--- Task input Enclosed Below ---

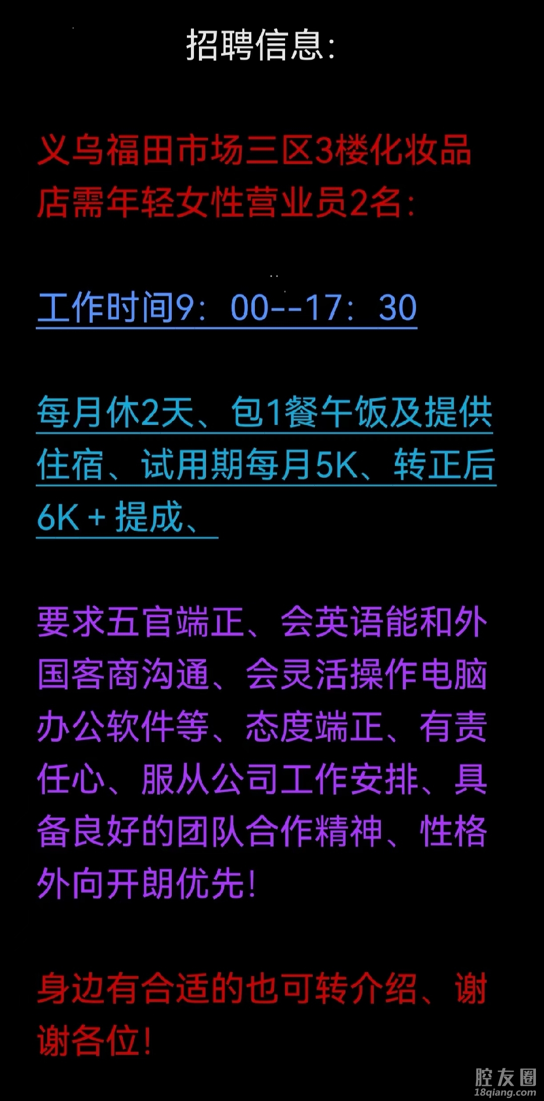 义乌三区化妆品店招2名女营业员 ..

--- End of Enclosed Task input ---
--- Task input Enclosed Below ---

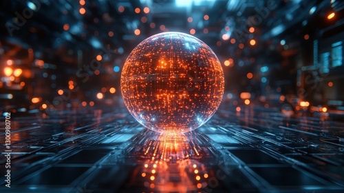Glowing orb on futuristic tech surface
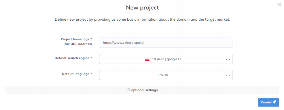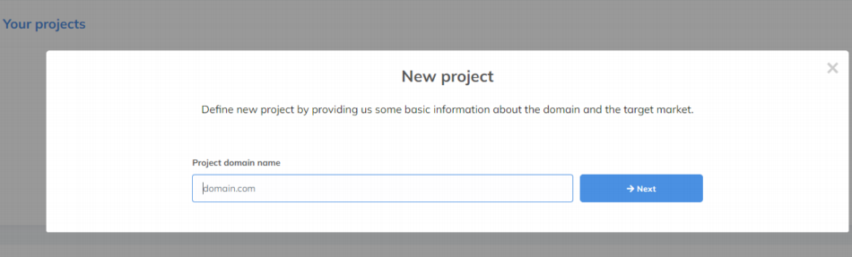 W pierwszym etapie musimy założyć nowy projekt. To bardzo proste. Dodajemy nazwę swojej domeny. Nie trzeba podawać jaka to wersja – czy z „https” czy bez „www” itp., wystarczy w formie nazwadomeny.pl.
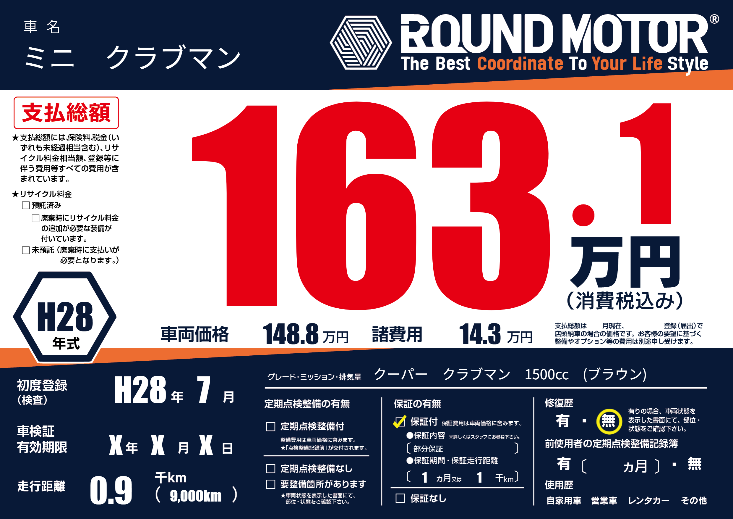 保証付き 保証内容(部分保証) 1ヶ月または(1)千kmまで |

--- End of Enclosed Task input ---
--- Task input Enclosed Below ---

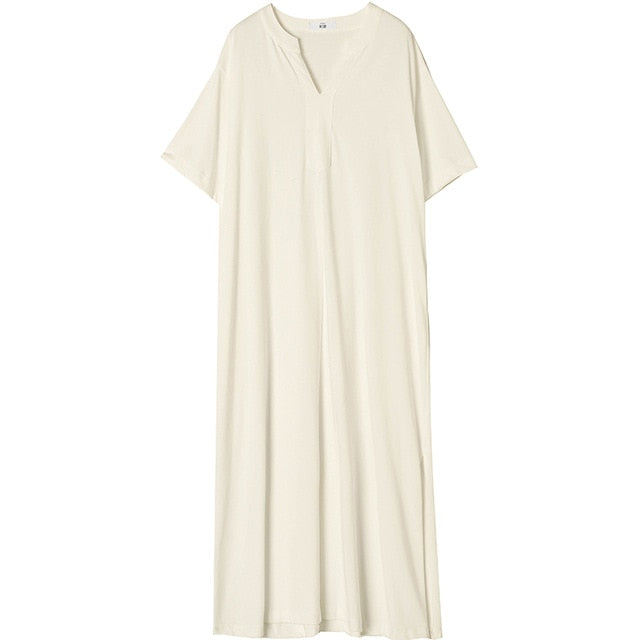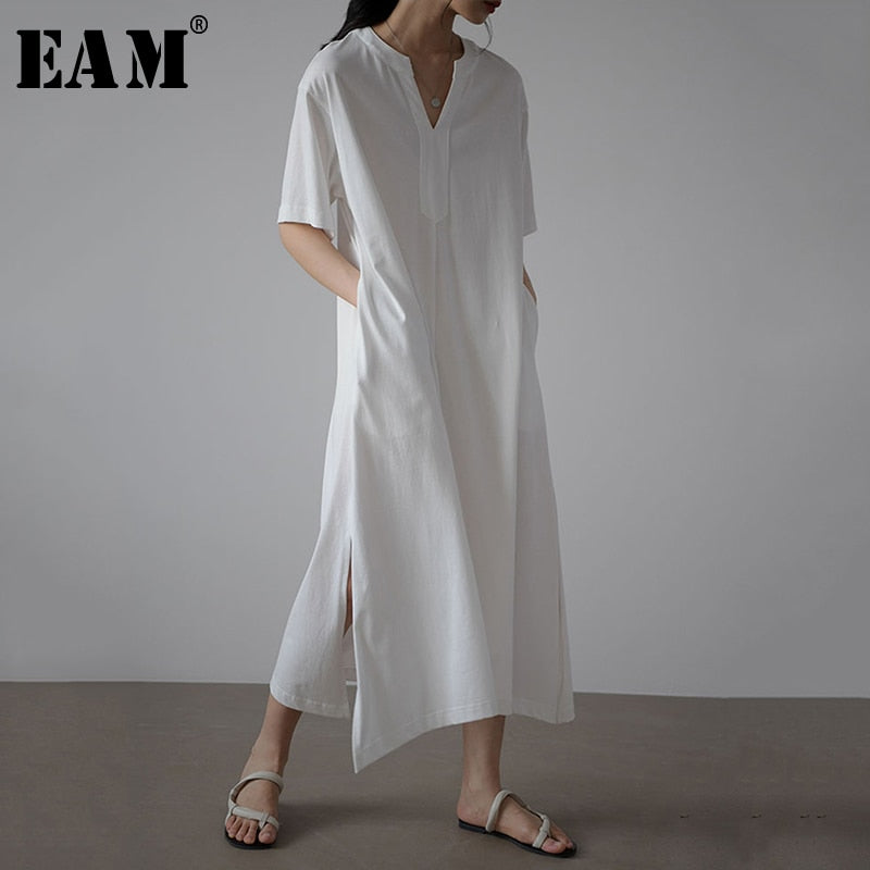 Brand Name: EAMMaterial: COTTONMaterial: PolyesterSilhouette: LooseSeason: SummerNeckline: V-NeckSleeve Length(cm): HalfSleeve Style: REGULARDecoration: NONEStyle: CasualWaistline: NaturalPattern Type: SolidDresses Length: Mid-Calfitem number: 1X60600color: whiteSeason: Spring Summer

--- End of Enclosed Task input ---

- **What you have to do**: Take the entries above and copy exactly the lines starting at the one with "W pierwszym etapie" and ending at the one with "保証付き 保証内容(部分保証) 1ヶ月または(1)千kmまで |"; nothing outside that span, and no pictures.

- **Exercise response**:
 W pierwszym etapie musimy założyć nowy projekt. To bardzo proste. Dodajemy nazwę swojej domeny. Nie trzeba podawać jaka to wersja – czy z „https” czy bez „www” itp., wystarczy w formie nazwadomeny.pl.
 保証付き 保証内容(部分保証) 1ヶ月または(1)千kmまで |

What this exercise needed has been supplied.